Firefox’s vice president, Johnathan Nightingale, wrote in a blog post that the company is to begin experimenting with adverts and sponsored content in the coming weeks, which will appear on the boxes that appear when Firefox users launch a new tab on the browser.
“In the coming weeks, we’ll be landing tests on our pre-release channels to see whether we can make things like the new tab page more useful, particularly for fresh installs of Firefox, where we don’t yet have any recommendations to make from your history,” said Nightingale.
“These tests are purely to understand what our users find helpful and what our users ignore or disable.”
Currently, when a Firefox user launches a new tab, a new page appears with nine boxes of the user’s most-visited websites.

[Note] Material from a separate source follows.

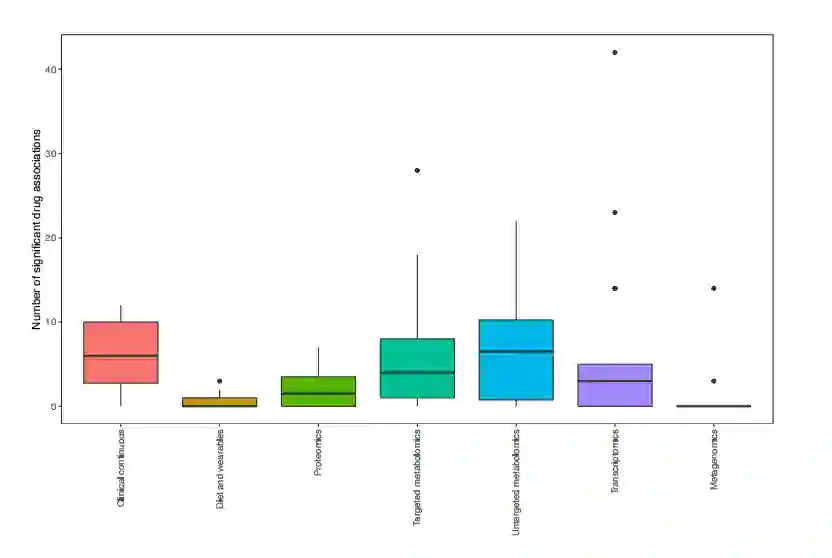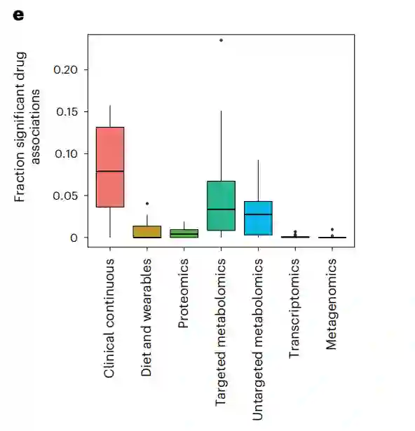 当作者将亚组分析显著的药物组学关联时,其中肠道微生物组中只有两种药物具有显著关联(二甲双胍和奥美拉唑),作者发现,与其他多组学数据集的效应量相比,这两种药物的效果相似或更低。这一观察结果表明,多组学对药物刺激的反应不仅针对肠道微生物组,而且说明试图了解药物作用时应包括多组学数据集。

Nightingale added that the tests are not about generating revenue and none will be collected at this stage, and that sponsorship would be the next step once Firefox is confident that it can deliver “user value”.
A few months ago Firefox announced that it would be experimenting with the tab page but the news was not well-received from users.
Nightingale said that the Firefox community found the language hard to decipher, and was worried that Mozilla was going to turn Firefox into a “mess of logos sold to the highest bidder; without user control, without user benefit.”
“That’s not going to happen,” Nightingale said. “That’s not who we are at Mozilla. But we will experiment.”